I was on the shuttle headed to the luau. I was the only one sitting alone in a seat. The eccentric host, Georgie, was welcoming her new “family” and listing off all the places we were from. With each destination – Arizona, California, Texas – everyone raised their hands and gave a loud “WHOOOOP!”
And then it came to little ‘ol me, decked out to the nines in my $4 Forever 21 dress.
Georgie says, “We have a special guest on this bus, family. Her name is Candice and she is from Canada. She is an individual traveller. She is travelling ALONE! ALONE! Everyone make her feel WELCOME!” And there I sat with my cheeks blazing, ready to slide under the seat and wither into dust. It’s like I have #FOREVERALONE tattooed on my forehead.
So fuck it. You know what? Fuck it. Alone doesn’t mean lonely. And if I sat around waiting for my friends to join me I’d never get anywhere. And since I can count the good experiences I’ve had with men in the past decade on one hand, I’d much prefer my own company at this point, thankyouverymuch.
Eating alone is actually my favourite part of the whole thing. It’s weird that it’s weird to everyone else. Here’s my honest guide to eating alone.
1. What to wear?
The other night I was determined to find a place to sit down for a few hours and enjoy a nice meal. That did not happen. The wait time in every restaurant along this hellhole strip* was minimum ONE HOUR. So I ambled along in my painful flip-flops until I found a goddamned Chili’s.

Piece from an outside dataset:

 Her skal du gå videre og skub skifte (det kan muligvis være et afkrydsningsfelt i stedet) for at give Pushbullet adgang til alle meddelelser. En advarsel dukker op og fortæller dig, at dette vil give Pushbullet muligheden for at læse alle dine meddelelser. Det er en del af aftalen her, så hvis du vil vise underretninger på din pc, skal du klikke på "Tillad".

But I had dressed up nicely, because why not? I had done my hair and make-up and put on a nice long sundress, dabbled some rouge on my cheeks. Even if it’s just Chili’s, you can dress the part. Even if you’re swigging beer and mowing down on a steak like a hulking testosterone-machine (guilty!), you can still look good doing it.
Treat yourself grrrrrl.
2. Tell the host you want your own seat like a BOSS
I fake stunning confidence when I stroll up to a host at a restaurant. Before they can even greet me, I hold up one finger and say plainly: “One, please.” This saves them the opportunity to cock their heads slightly and ask, “Just one?” Hell yeah just one and hell yeah all those appetizers are for ME.

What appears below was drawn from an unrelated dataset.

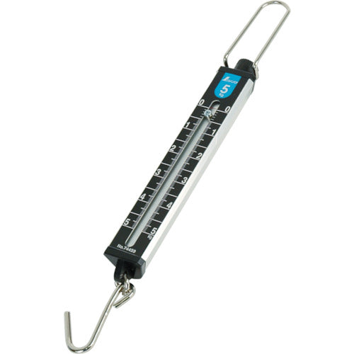 カタログ品番:74459 特長:●目盛板が平面だから読み取りやすいです。●調整方法が一目で分かる0点調整ねじです。 用途:●宅配便、工場内、農作物、水産物など、色々な目方の計量に。 仕様:●秤量(kg):5●最小表示(g):50●幅(mm):30●奥行(mm):25●高さ(mm):290●最小表示(kg):0.05●検定:対象外●ばね式●使用公差:ひょう量の1/2以下は±50g、ひょう量の1/2を超える±100g 材質/仕上:●外筒、内筒:アルミ●外筒端部、0点調整ネジ:ABS樹脂●ハンドル、フック:鉄 注意:●74488は校正不可となります。●明らかにひょう量より重すぎる物は測定しないで下さい。

3. Pull out the ‘ol iPhone
While people-watching is entertaining to the extreme, I always end up pulling out my iPhone at some point so I can clearly become the too-busy-to-slow-down-douchebag you’ll find at every table, punching emails into his/her phone and having loud biz chats that you secretly want the whole restaurant to hear. “OH YAH DOLORES, THE MARRIOT IS BOOKED. TELL THEM TO BOOK THE HILTON INSTEAD. WE’LL TAKE THE TEAM THERE.”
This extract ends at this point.